Another configuration parameter, not listed above, is dfs.replication. This is
the default replication factor for each block of data in the file system. For a production cluster, this
should usually be left at its default value of 3. (You are free to increase your replication factor,
though this may be unnecessary and use more space than is required. Fewer than three replicas
impact the high availability of information, and possibly the reliability of its storage.)
Starting HDFS
Now we must format the file system that we just configured:
user@namenode:hadoop$ bin/hadoop namenode -format
This process should only be performed once. When it is complete, we are free to start the
distributed file system:
user@namenode:hadoop$ bin/start-dfs.sh
This command will start the NameNode server on the master machine (which is where the start-
dfs.sh script was invoked). It will also start the DataNode instances on each of the slave
machines. In a single-machine "cluster," this is the same machine as the NameNode instance. On
a real cluster of two or more machines, this script will ssh into each slave machine and start a
DataNode instance.
Interacting With HDFS
The VMware image will expose a single-node HDFS instance for your use in MapReduce
applications. If you are logged in to the virtual machine, you can interact with HDFS using the
command-line tools. You can also manipulate HDFS through the MapReduce plugin.
● Using the Command Line
The bulk of commands that communicate with the cluster are performed by a
monolithic script named bin/hadoop. This will load the Hadoop system with the
Java virtual machine and execute a user command. The commands are specified
in the following form:
user@machine:hadoop$ bin/hadoop moduleName -cmd args...
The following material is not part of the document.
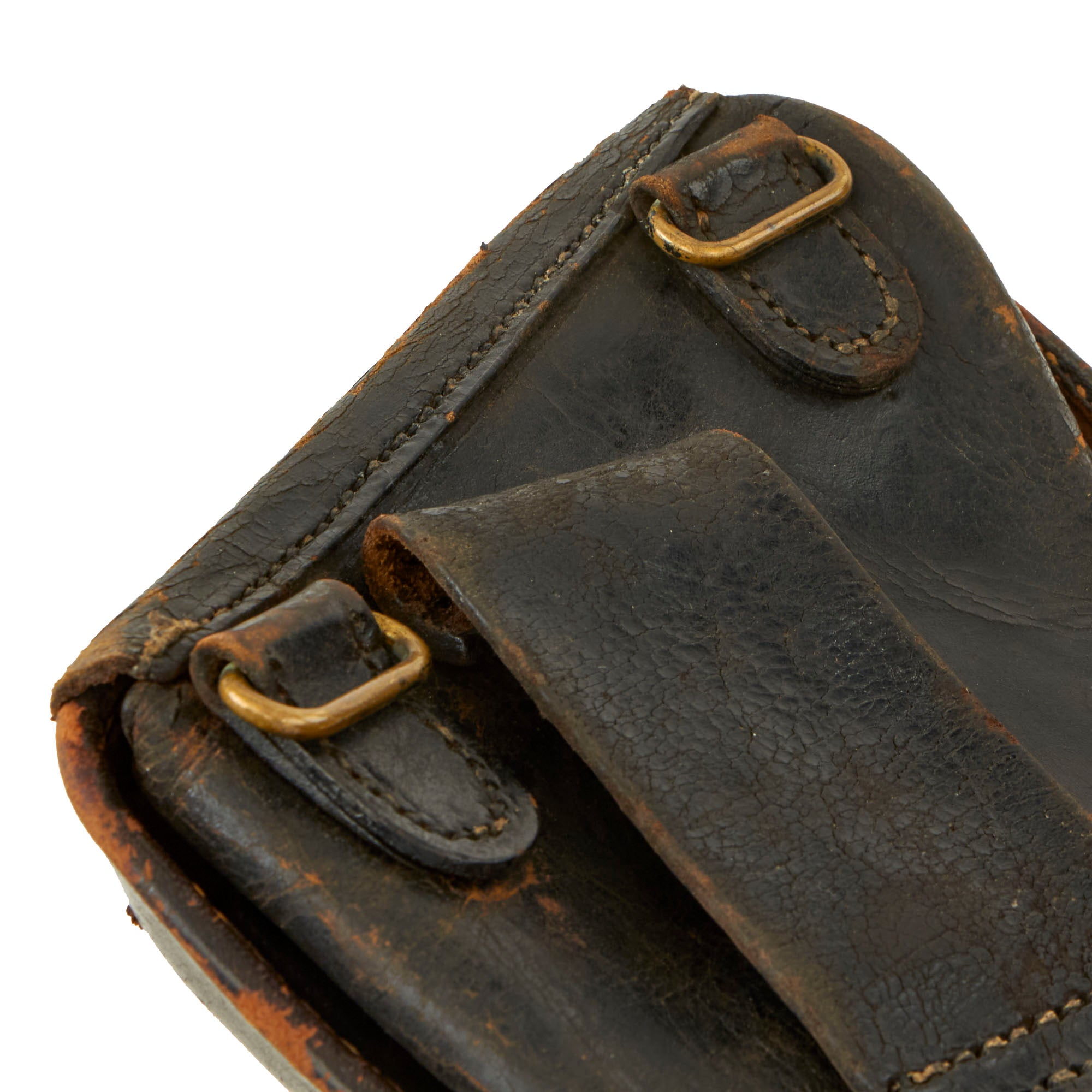 The holster is in good condition for its age. The securing strap is still intact and in fair condition. The holster itself is supple, a bit too supple in the back. The belt loop is intact but is heavily crazing and cracking. Closure holes are intact and not ripped. The internal ammunition pouch is complete with two internal rows of 6 loops to hold rounds. The cover for the pouch is very weak. There is some crazing to the leather and areas of dryness, but overall this is in very good condition considering the age. The leather still retains a pleasing black coloration to the leather.

The moduleName tells the program which subset of Hadoop functionality to use.
-cmd is the name of a specific command within this module to execute. Its
arguments follow the command name.Two such modules are relevant to HDFS: dfs
and dfsadmin.
● Using the MapReduce Plugin For Eclipse
An easier way to manipulate files in HDFS may be through the Eclipse plugin. In
the DFS location viewer, right-click on any folder to see a list of actions available.
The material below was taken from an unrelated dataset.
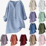 Hergestellt aus hochwertigem Leinen und Baumwolle, bietet sie dir Komfort und Atmungsaktivität für den ganzen Tag. Der V-Ausschnitt verleiht dir einen ansprechenden Look, während die Knöpfe das Design ergänzen. Diese Hemdbluse ist in einer Vielzahl von Farben erhältlich und eignet sich perfekt für den täglichen Gebrauch oder besondere Anlässe. Mit ihrem Oversize-Schnitt und den großen Größen bietet sie eine bequeme Passform für Frauen jeder Figur.

You can create new subdirectories, upload individual files or whole subdirectories,
or download files and directories to the local disk.
FS Shell
HDFS allows user data to be organized in the form of files and directories. It provides a
commandline interface called FS shell that lets a user interact with the data in HDFS. The syntax
of this command set is similar to other shells (e.g. bash, csh) that users are already familiar with.
Here are some sample action/command pairs:
Action Command
Create a directory named /foodir bin/hadoop dfs -mkdir /foodir
Remove a directory named /foodir bin/hadoop dfs -rmr /foodir
View the contents of a file named /foodir/myfile.txt bin/hadoop dfs -cat /foodir/myfile.txt
FS shell is targeted for applications that need a scripting language to interact with the stored data.
DFSAdmin
The DFSAdmin command set is used for administering an HDFS cluster. These are commands
that are used only by an HDFS administrator. Here are some sample action/command pairs:
Action Command
Put the cluster in Safemode bin/hadoop dfsadmin -safemode enter
Generate a list of DataNodes bin/hadoop dfsadmin -report
bin/hadoop dfsadmin -refreshNodes
Recommission or decommission DataNode(s)
Hadoop Dfs Read Write Example
Simple Example to Read and Write files from Hadoop DFS.
Reading from and writing to Hadoop DFS is no different from how it is done with other file
systems. The example HadoopDFSFileReadWrite.java reads a file from HDFS and writes it to
another file on HDFS (copy command).
Hadoop FileSystem API describes the methods available to user. Let us walk through the code to
understand how it is done.
Create a FileSystem instance by passing a new Configuration object. Please note that the
following example code assumes that the Configuration object will automatically load the hadoop-
default.xml and hadoop-site.xml configuration files. You may need to explicitly add these resource
paths if you are not running inside of the Hadoop runtime environment.
Configuration conf = new Configuration();

FileSystem fs = FileSystem.get(conf);
Given an input/output file name as string, we construct inFile/outFile Path objects. Most of the
FileSystem APIs accepts Path objects.
Path inFile = new Path(argv[0]);

Path outFile = new Path(argv[1]);
Validate the input/output paths before reading/writing.
if (!fs.exists(inFile))
printAndExit("Input file not found");
if (!fs.isFile(inFile))
printAndExit("Input should be a file");
if (fs.exists(outFile))
printAndExit("Output already exists");
Open inFile for reading.
FSDataInputStream in = fs.open(inFile);
Open outFile for writing.
FSDataOutputStream out = fs.create(outFile);
Read from input stream and write to output stream until EOF.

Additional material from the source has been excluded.